[Stored items from a collection]
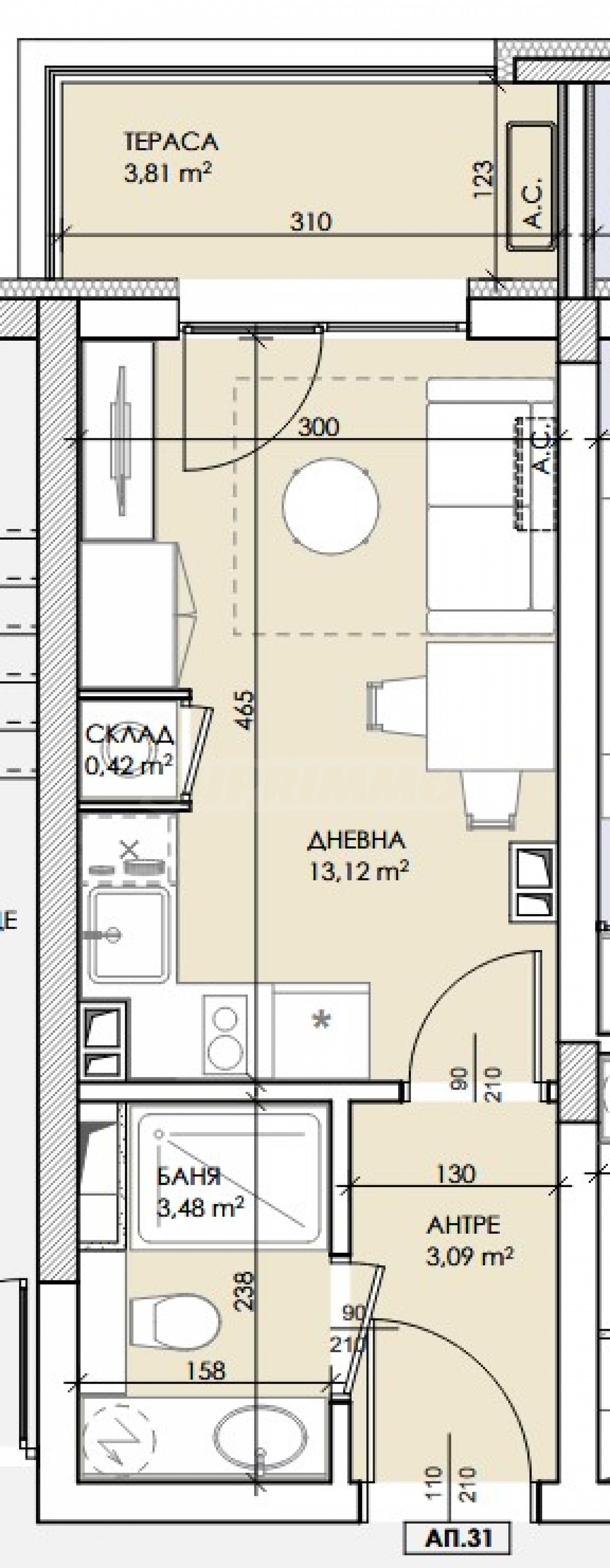 Имотът е с площ от 34,31 кв.м, ситуиран на 4-ти етаж с тераса. Подходящ е както за целогодишно живеене, така и за инвестиция.
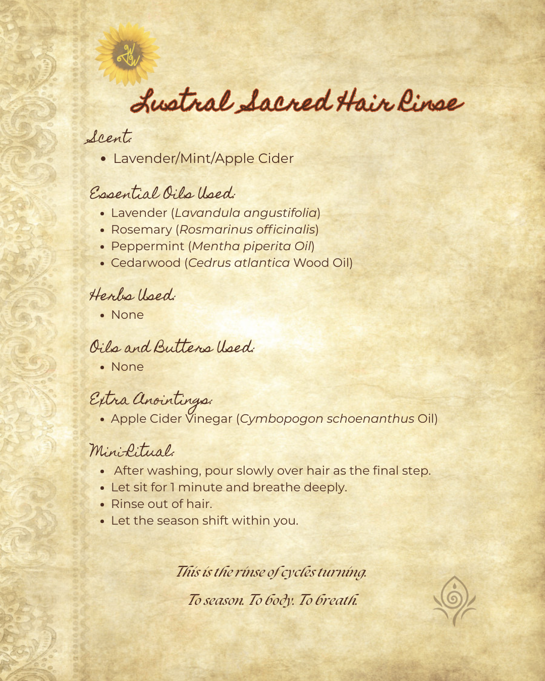 Handmade with pure essential oils (lavender, rosemary, peppermint, cedarwood) and natural ingredients, this rinse is crafted to balance the scalp, remove buildup, and restore shine while inviting the body to remember the turning of seasons. Light in colour, with a fresh, herbaceous aroma that opens the mind and grounds the spirit.
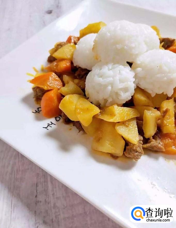 食材:牛肉,土豆,胡萝卜,食用油,葱,姜,番茄酱,清水,盐,米饭。
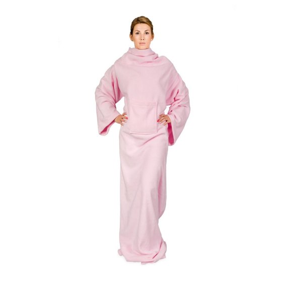 Kocyk Szlafrok Jasny Róż koc z rękawami polarowy
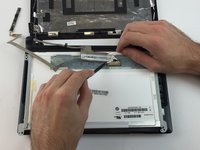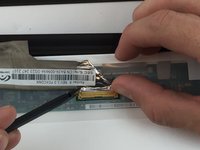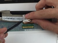 Using the black spudger tool and your fingertip, gently push on the ends of the ribbon cable to pop it out of the socket.
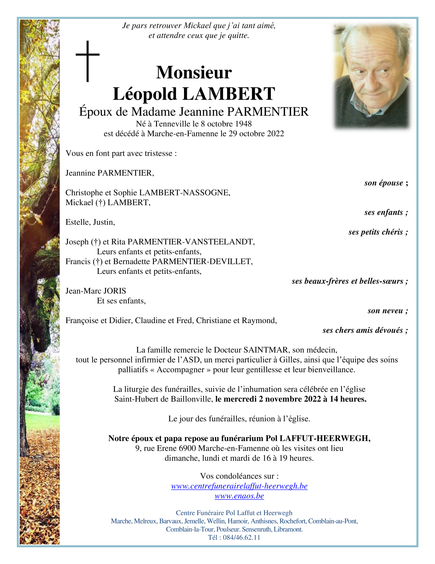 Décédé à Marche-en-Famenne (6900) le samedi 29 octobre 2022 à l'âge de 74 ans
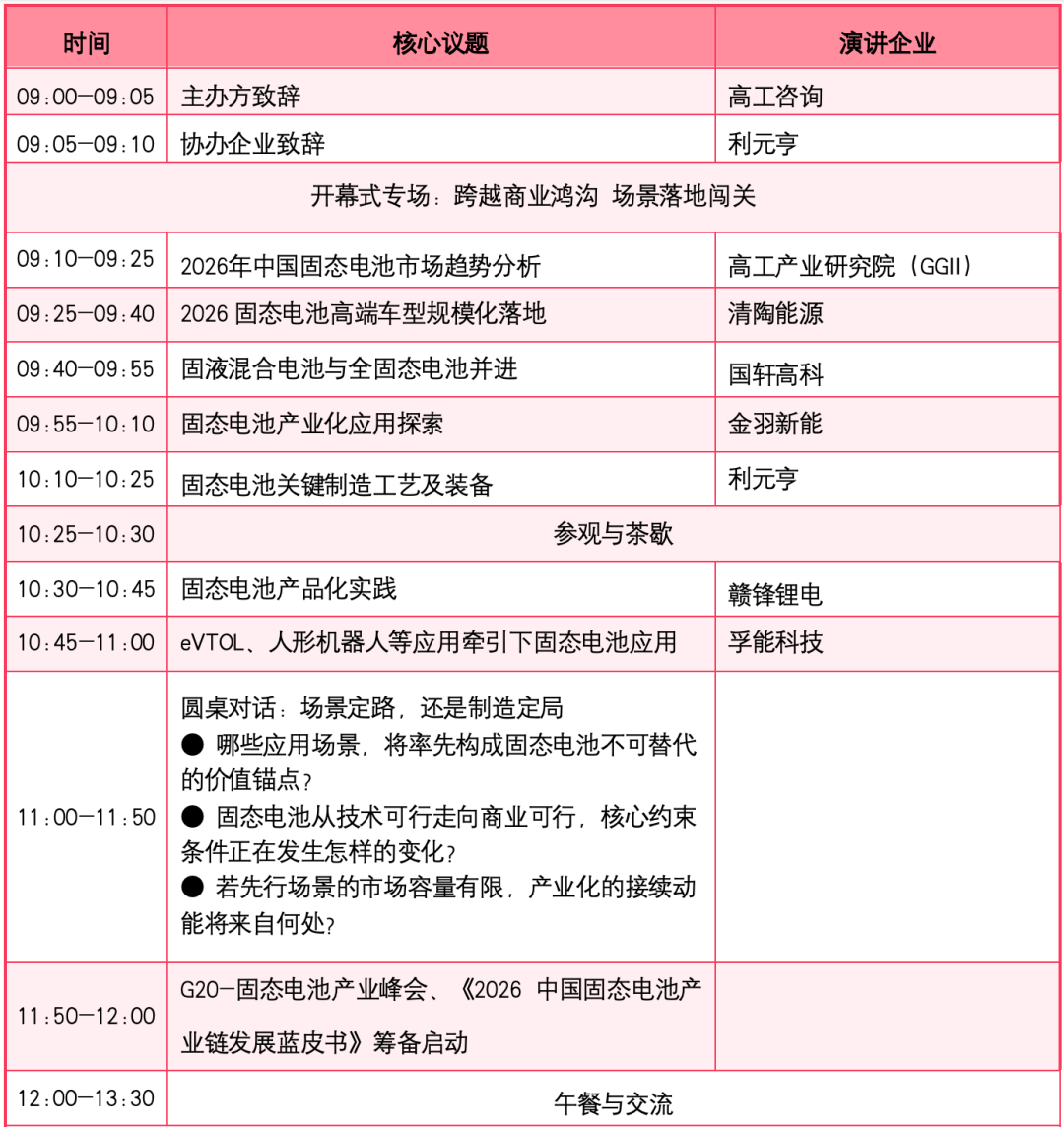 20+企业阵容揭晓,2026高工固态电池技术与应用峰会议程更新
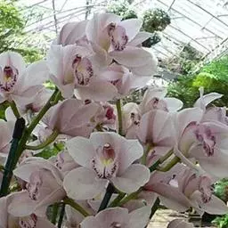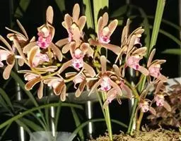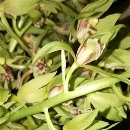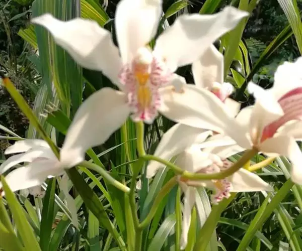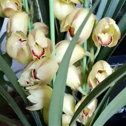 美花兰(学名:Cymbidium insigne Rolfe):地生或附生植物;假鳞茎卵球形至狭卵形,长5-9厘米,宽2.5-4厘米,包藏于叶基之内。叶6-9枚,带形。花葶近直立或外弯,较粗壮;总状花序具4-9朵或更多的花;萼片与花瓣白色或略带淡粉红色,有时基部有红点,唇瓣白色,侧裂片上通常有紫红色斑点和条纹,中裂片中部至基部黄色,亦有少数斑点与斑纹;花瓣狭倒卵形,长2.8-3厘米,宽1-1.2厘米;唇瓣近卵圆形,略短于花瓣,3裂。花期11-12月。
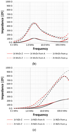 There is also a capacitance component that represents the dielectric effects of the ferrite magnetic material. This appears in the bandwidth above the , where the inductive component of the permeability becomes negative [13,37]. As can be observed in Figure 3, this stray capacitance due to the magnetic material is noted beyond 1.8 MHz and 85.1 MHz and 282.7 MHz in case of MnZn, NC and NiZn cores, respectively.
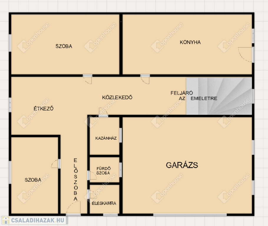 - emeleti szinten: tágas közlekedő, lépcsőház, három kényelmes méretű hálószoba amelyből kettő egymásba nyílik illetve egy az udvarra néző terasszal rendelkezik, fürdőszoba (innen közelíthető meg a padlástér)
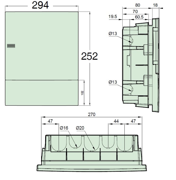 Il prodotto Resi9 MP è composto da un lato anteriore liscio e da una porta bianca liscia. È dedicato a 1 fila di 12 moduli da 18 mm. Può ospitare tutti i tipi di commutatori modulari. La capacità totale nei moduli da 18 mm è 12. Le dimensioni sono (W) 294 mm x (D) 252 mm. È destinata a installazioni nuove o per ristrutturazione di edifici residenziali. Il materiale è una tecnoplastica autoestinguente appositamente sviluppata. La resistenza al fuoco e al calore anomalo è di massimo 650°C per la parte anteriore e la porta. Il grado di protezione urti meccanici è IK07. La temperatura di funzionamento va da -25°C a +60°C.

● **Task item**
Provide an exact copy of only the lines from the beginning of the entries through the line containing "Handmade with pure", both ends included, with no pictures.

● **Expected output**
 Имотът е с площ от 34,31 кв.м, ситуиран на 4-ти етаж с тераса. Подходящ е както за целогодишно живеене, така и за инвестиция.
 Handmade with pure essential oils (lavender, rosemary, peppermint, cedarwood) and natural ingredients, this rinse is crafted to balance the scalp, remove buildup, and restore shine while inviting the body to remember the turning of seasons. Light in colour, with a fresh, herbaceous aroma that opens the mind and grounds the spirit.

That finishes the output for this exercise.